23 December 2013 | boblipton
Mister Mozzhukhin Goes to Paris
Louis Barclay, played by Ivan Mozzhukhin -- you could do casting like that in silent movies -- has been raised by his father, a professor of ethical philosophy, to live a happy life on a farm. However, when his grandfather dies in Paris and leaves him twenty million francs, Ivan goes to Paris, where he is stalked by a gang of swindlers led by femme fatale Nathalie Lissenko.
Sounds like a Frank Capra movie, doesn't it? Except we are a decade before Mister Deeds went to town.

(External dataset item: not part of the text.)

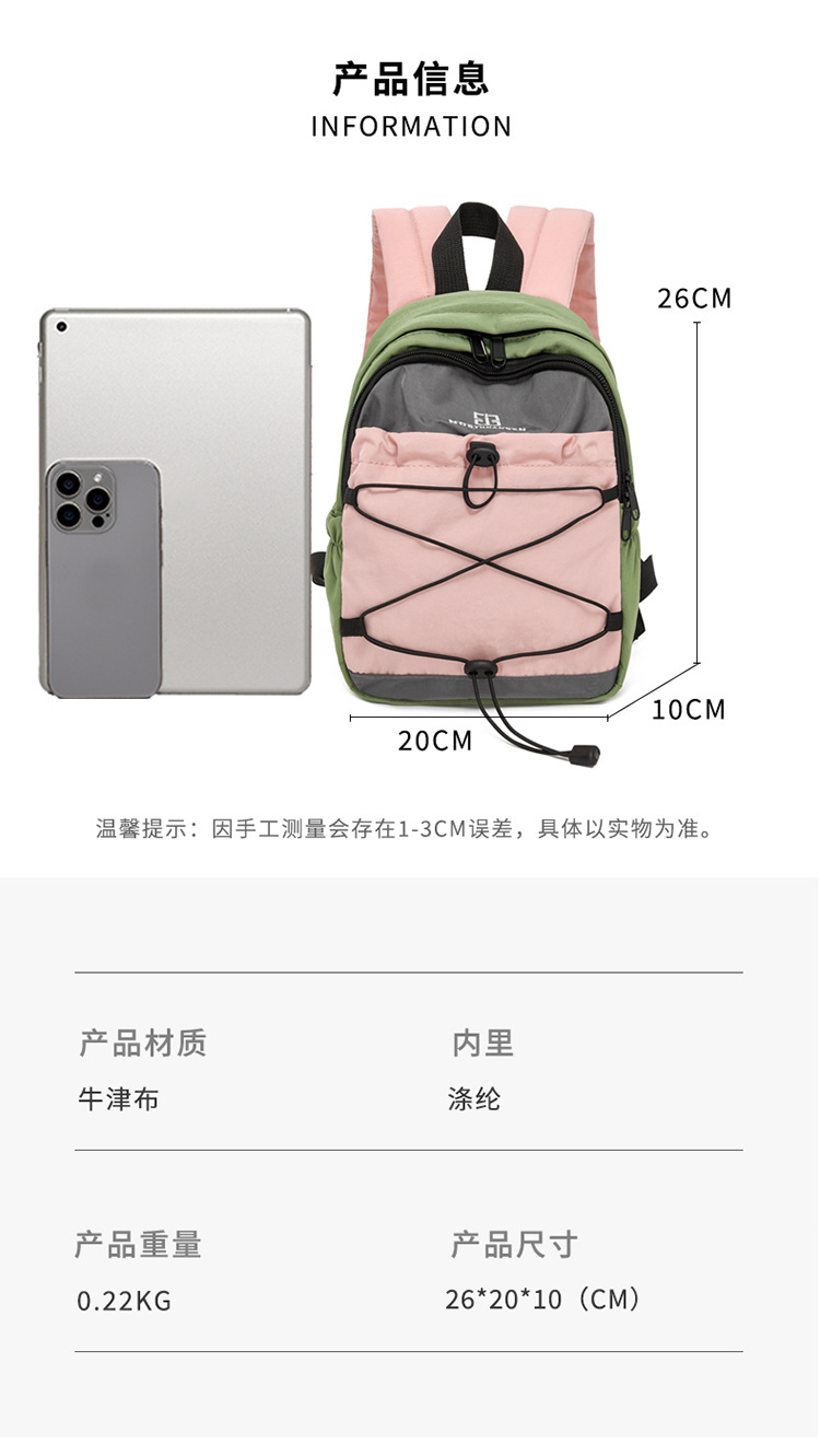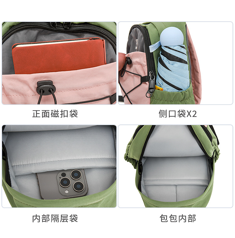 한국식 드로스트링 디자인 백팩, 아웃도어 하이킹 스포츠 등산 가방, 배색 캐주얼 백팩, 다용도 통근 가방

Ivan is married and just when his wife and father show up in Paris, the movie switches -- first to a Feuillade-style melodrama and finally to a soaper.
It's all in support of Mozzhukhin. He had been a movie star in Tsarist Russia and was a leading star of the Russian émigrés in Paris. So he runs through every sort of acting here: farce, dramatic and a lot of moody staring at Miss Lissenko. Despite playing a Scotchman in Paris, he is very Russian. Also, very engaging.

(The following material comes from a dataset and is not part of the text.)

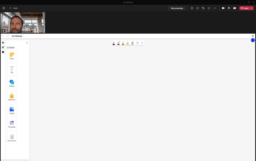 1.) Join the meeting. Here you can see I am presenting a whiteboard and my video is currently in the bottom right hand corner

It's the comedy I wish to write about. Mr. Mozzhukhin always looked like Buster Keaton's brother to me, and to watch him do his comedy bits here is a pleasure. Most screen comics do weird things and the only justification is that they work. They are clearly cracked, if not downright mad. However, Mr. Mozzhukhin is not crazy. He is impish. These things occur to him and he gives into the impulse, as we all wish we sometimes would. They make his gags very believable and charming -- I am particularly fond of the one with the drinking straws.
Charming is the word for this movie. The way the plot veers keeps it from being boring and the actors are all good. Enjoy.